Единственным способом держать ее подальше от школы было стать отличным учеником примерного поведения. Одновременно следовало избегать участия в школьных мероприятиях. Я рано научился симулировать самые разные болезни. Мамина дебелость определила интенсивность моих общений с друзьями. Я редко ходил к ним в гости и еще реже приглашал их к нам.
Но если уж она не сможет похудеть, то я надеялся, что когда-нибудь она из-за своей массы утратит способность передвигаться и целыми днями будет сидеть дома. Однако моя мать была здоровой женщиной. Когда я мальчиком впервые побывал на похоронах, то измерил взглядом пропорции маминого тела, которые намного превышали объем гроба. И я злился, понимая, что с каждым днем она будет становиться все толще. И не найдется гроба, способного вместить ее тело.
Джурджа была красивой и стройной. Рядом с ней я наконец-то вздохнул свободно. Но ненадолго. Опять пришлось что-то скрывать. Она была необразованной. Однажды она спросила меня, какой писатель лучше, Шекспир или Прометей? Под Троей был Архимед, а не Ахилл. Почему это сомневаются в существовании Гомера, но все убеждены, что он был слепым?
Я не верю в высший порядок этого мира. Это всего лишь утешение для тех, кто не может принять неправду и хаос. Бог равнодушен. Я – нет.
Фабиан Мазурски
Я вынес цирки в мир, складываю их рядком. Во мне от каждого жанра есть что-то, но ни одним из них я не овладел до конца. Могу обернуть змею вокруг шеи, войти в клетку со львами, сделать двойное сальто в воздухе, скакать задом наперед, жонглировать пятью шариками. Тем не менее я ни дрессировщик, ни акробат, ни жонглер. Я постоянно в движении. Я сам по себе цирк в миниатюре. Ты должен состоять из чего-то. Только у идиота нет подвала. Трупы со всех сторон. Ужасно воняет. Не перестаю убираться. В цирке жизнь как в витрине, все всем известно. Телам тесно, как в поезде. При каждом движении кого-то задеваешь. Иду дальше, к следующему углу. Натыкаясь на проблему, решаю ее по клоунской методике. Всегда чего-то не хватает. Иначе жизнь не была бы жизнью.
Тибор Толди
В то утро я был в «Парадизо». Предполагаю, что ты был один, иначе не стал бы разговаривать со мной. Позже, когда пришел тот толстяк, ты замолчал. Ты и с другими мертвецами разговариваешь? Пробуждаешь биографии? В моем случае ты не угадал, я замерз сам. С первого же слова, когда ты приветствовал меня по-венгерски. На языке, с которым я вырос. Все, что со мной впервые случилось в этой жизни, было на этом языке. Я перестал разговаривать на нем в пятьдесят шестом. Наверное, тебя тогда еще и на свете не было. Потом только во сне, и только если я был один. Ты сразу заметил утолщения на пальцах правой руки. Ты слышал меня. Ты сжал правую ладонь так, как будто держишь компостер. Сегодня они совсем другие, лежат в ладони как влитые, как рукоятка ножа, но в мое время они натирали руку, оставляли мозоли на мизинце и безымянном пальце, сначала краснели суставы, потом появлялся волдырь, а когда кожа затвердевала, заканчивался первый год на железной дороге.

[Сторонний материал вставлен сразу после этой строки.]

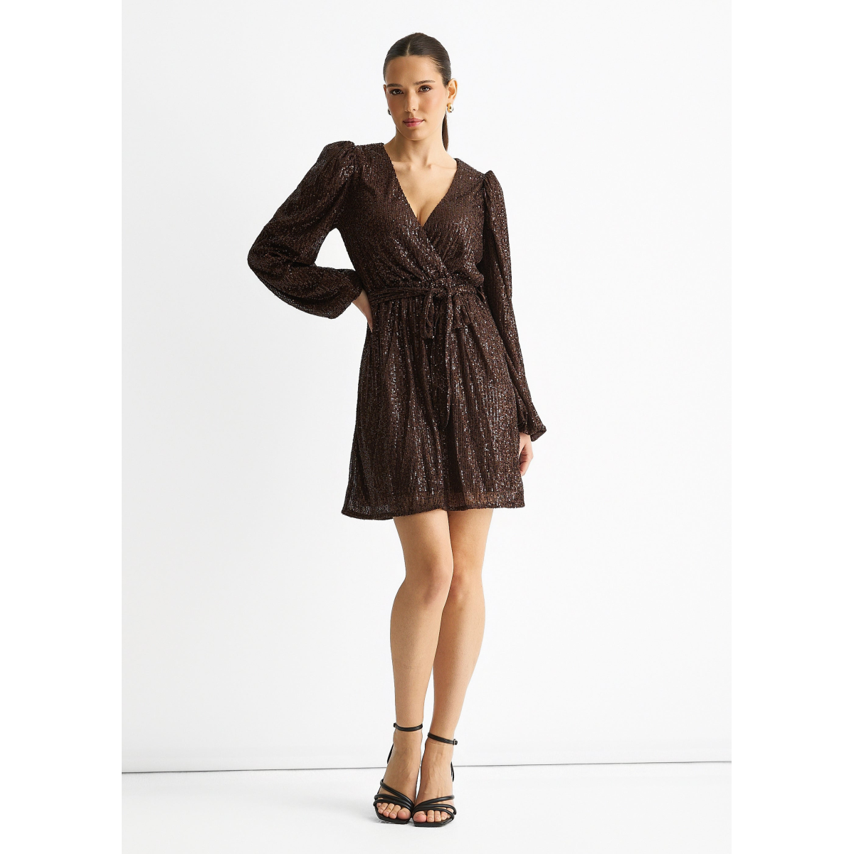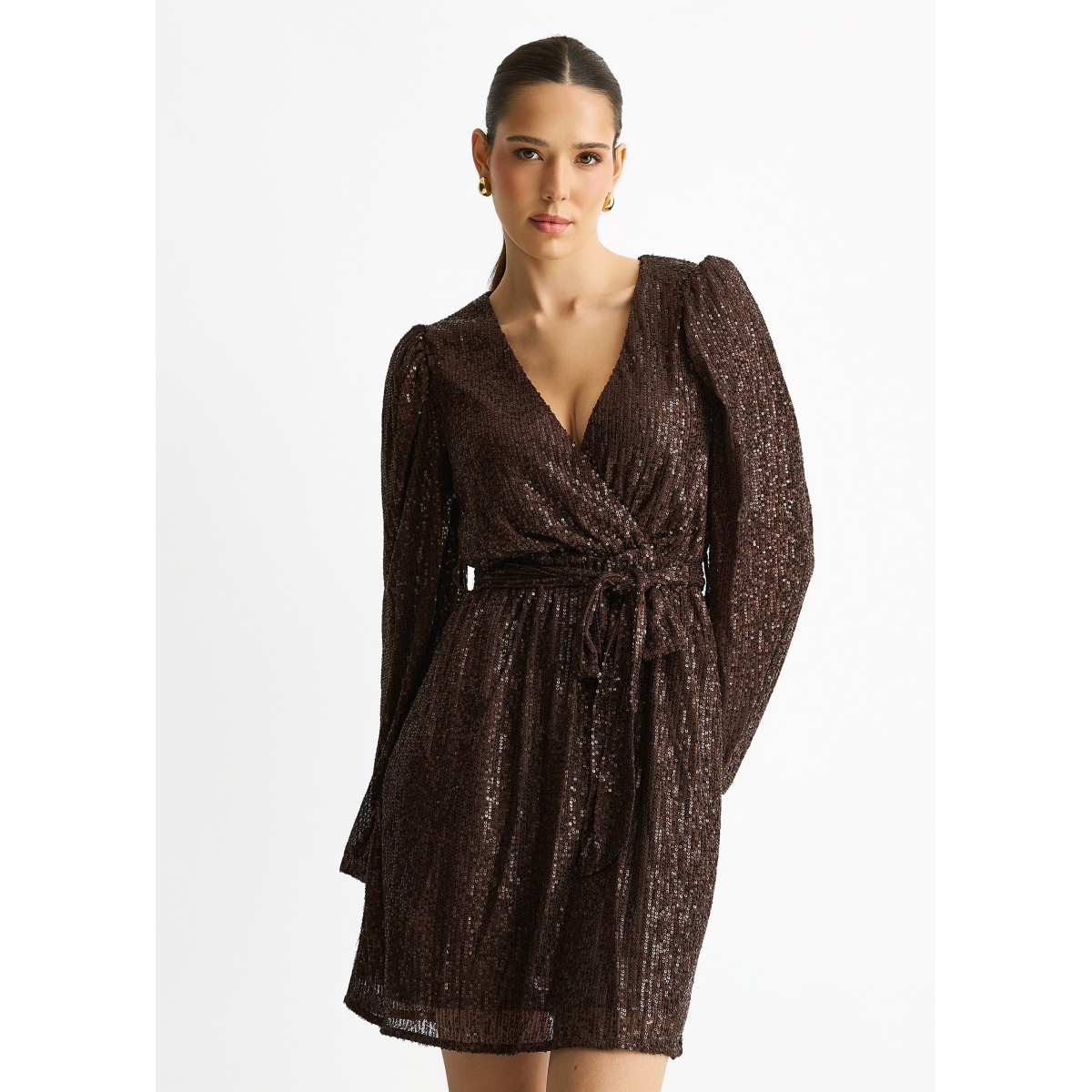 This Chocolate Sequin V Neck Belted Mini Dress combines bold sparkle with casual comfort. Its flattering V-neck and adjustable belt create a confident silhouette, while the mini length adds a playful touch.

Только после этого ты прочитал имя на табличке. Думаю, ты перепугался. Тибор Толди, шепнул ты. Ты еще что-то сказал на непонятном мне языке, упомянул какие-то венгерские имена, улицы Будапешта. Ты был явно взволнован. Постоянно повторял: Mein Gott. Кого-то я тебе напомнил, что-то тебя обеспокоило. Но это проблема живых. Когда перейдешь на другую сторону, то понимаешь, что покой, к которому ты всю жизнь стремился, все-таки существует. Только когда столкнешься со смертью и воспримешь ее как нечто естественное, только тогда можешь начинать жизнь.
Марлиз Шварц
Никто не смотрел на меня так. Прежде чем заметить следы уколов на моих руках, ты сказал: Куколка, в тебе слишком много всего. Тогда ты взял отчет патолога. Не знаю, что в нем было, кроме констатации передозировки. Может, все-таки есть какие-то данные, curriculum vitae или что-то в этом роде, иначе ты не смог бы узнать мою профессию. Я поняла, что и ты актер без постоянного ангажемента. С таким акцентом можешь играть только отрицательных героев, наемных убийц с Востока, авантюристов, матросов… Тогда ты перешел на свой язык, я сказала бы, на славянский язык. Болгарский, словацкий?.. Не знаю.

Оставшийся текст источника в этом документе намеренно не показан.